The role of independents
Given the limitations of the current market structure, it’s no surprise that many businesses are turning to third parties to help navigate their water strategy. Independent consultants and water managers are increasingly the ones driving innovation, offering services from auditing and procurement to real-time monitoring and demand-side management.
This is a clear signal that organisations are hungry for more than what many licensed suppliers are offering. It also suggests a new kind of market model — one less reliant on traditional retail competition, and more focused on collaborative, consultative partnerships between organisations and experts who can unlock hidden value.
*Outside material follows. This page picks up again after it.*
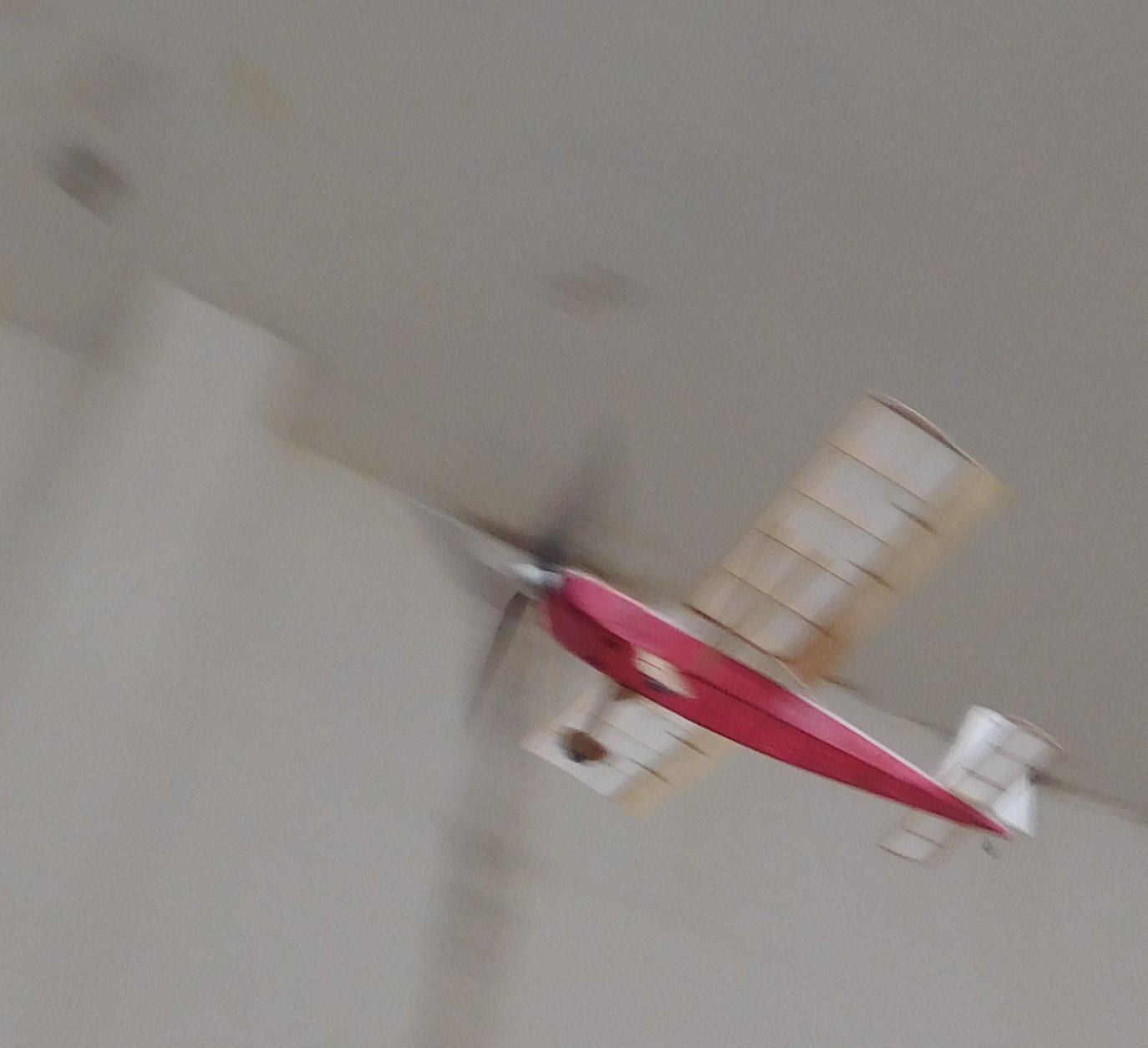 Jeden z typů letounů se zatahovacím podvozkem a které mají největší plochu křídel je právě Keith Rider R-2 a jeho žluto červená barevně zajímavá verze z r , 1933.. Od počátku mi bylo jasné, že bude potřeba větší tah vrtule, takže si to žádá větší průměr ´180 mm a podstatně silnější svazek, ovšem relativně malá plocha VOP neumožňuje větší prohnutí profilu křídla, jinak budou problémy se stabilitou. Model jsem dokončil 16.4. a hned šel vyzkoušet do haly v Krpoli. Velká locha, znamená i patřičně větší váha potahového papíru, i když křídlo, VOP, SOP i zadek trupu jsou potaženy Plyspane 13 g/m2, tak podstatná část velkého trupu má americký, červený papír 17 g/m2 a tak po nutném dovážení Pb 0,7g na středu vrtule vzrostla prázdná váha na 6,2 g. První svazek původně určení pro JUDY K=12 l=420 1,7 g/m byl použitý pouze pro seřízení zatáčky a vyosení vrtule, jinak byl slabý a model nevystoupal výše jak 2m. Druhý svazek z gumy TAN SS´ l´= 490 1,87 g/m původně určený pro Mr. Smoothie byl ten správný, nejprve pár letů pro focení a pak postupné zvyšování otáček až na 1800, kdy výška byla těsně pod stropem 9 +m a čas rekordních 133s.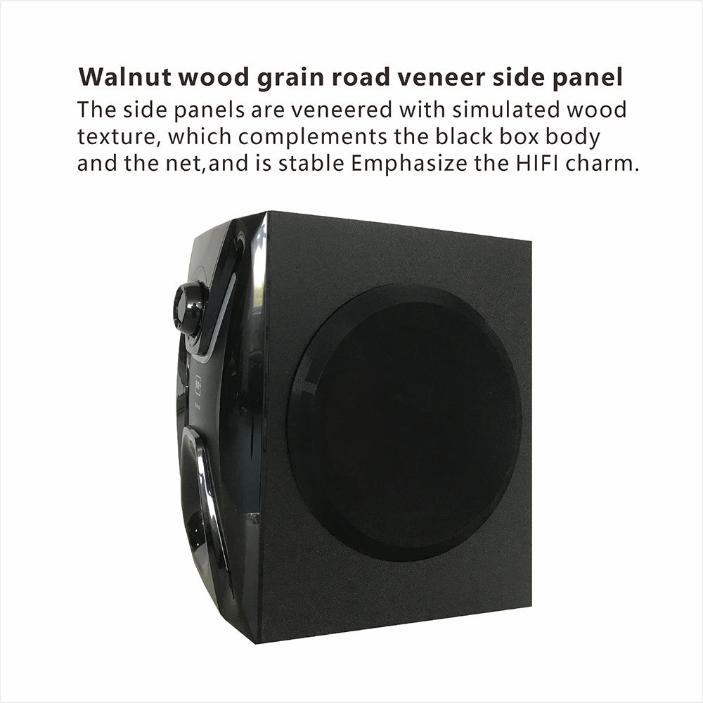 Equipped with a large bass unit and front phase inversion tube, it provides powerful bass and a panoramic sound field atmosphere. It is made with a 70mm double-fold ring cloth-edged cone and specially coated diaphragm, it makes high transparent and medium frequency mellow and full. It supports USB flash drive plug-n-play for quick and convenient operation. It's built-in 3.5mm audio jack has multiple compatibilities with PC, Laptop, TV, Mobile Phone, MP3 player, and other devices. The improved side panel is designed for the convenience of operation and connection making the speaker user-friendly.

Several local authorities have taken steps already to gain more control over their water usage and costs by becoming self-suppliers. Blackpool Council was one of the early adopters, switching to self-supply to help drive efficiencies and support wider sustainability goals across its public estate. Sefton Council has since made considerable progress on its water journey, using self-supply to identify and address leaks, improve data visibility, and embed water-saving practices into day-to-day operations
Time to make water count
Ultimately, water is not just a resource; it’s a risk, an opportunity, and a responsibility. The 2024 Waterscan report should serve as a wake-up call for everyone involved in the business of water — from regulators and retailers to facilities managers and CFOs.
If we want a water market that works — one that’s transparent, innovative, efficient, and resilient — we can’t keep doing more of the same. We need bold reform, smarter regulation, better data, and a cultural shift in how we value water.
The good news? The momentum is building. Organisations are ready to lead. Policymakers are starting to listen. And with the right focus, 2024 could be the year the water market starts to live up to its promise.